━━ Dataset content ━━
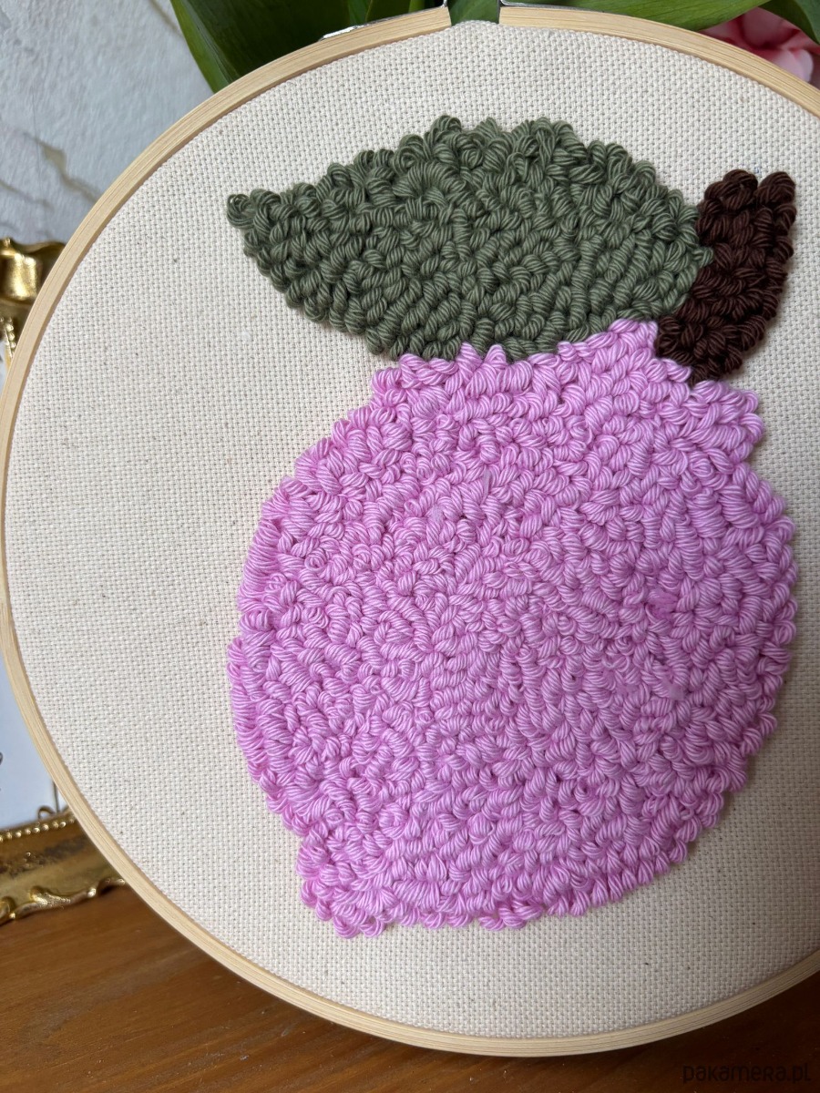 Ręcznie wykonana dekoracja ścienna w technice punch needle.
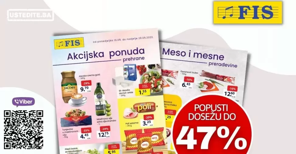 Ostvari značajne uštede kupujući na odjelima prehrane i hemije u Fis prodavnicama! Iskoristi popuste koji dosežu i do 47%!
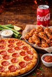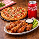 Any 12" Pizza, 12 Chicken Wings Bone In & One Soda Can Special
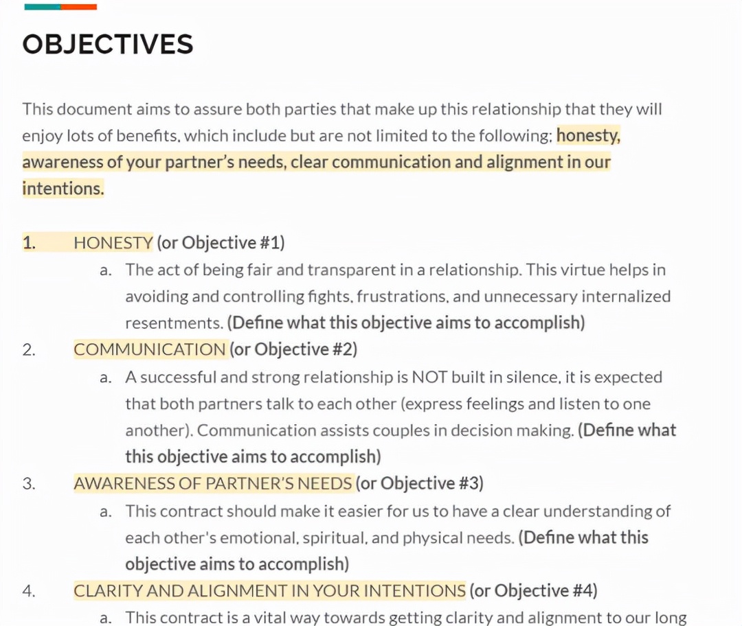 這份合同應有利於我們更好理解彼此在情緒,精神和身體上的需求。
━━━
Problem details: Every line of the data above should be repeated exactly. Omit the pictures.

Completed task:
 Ręcznie wykonana dekoracja ścienna w technice punch needle.
 Ostvari značajne uštede kupujući na odjelima prehrane i hemije u Fis prodavnicama! Iskoristi popuste koji dosežu i do 47%!
 Any 12" Pizza, 12 Chicken Wings Bone In & One Soda Can Special
 這份合同應有利於我們更好理解彼此在情緒,精神和身體上的需求。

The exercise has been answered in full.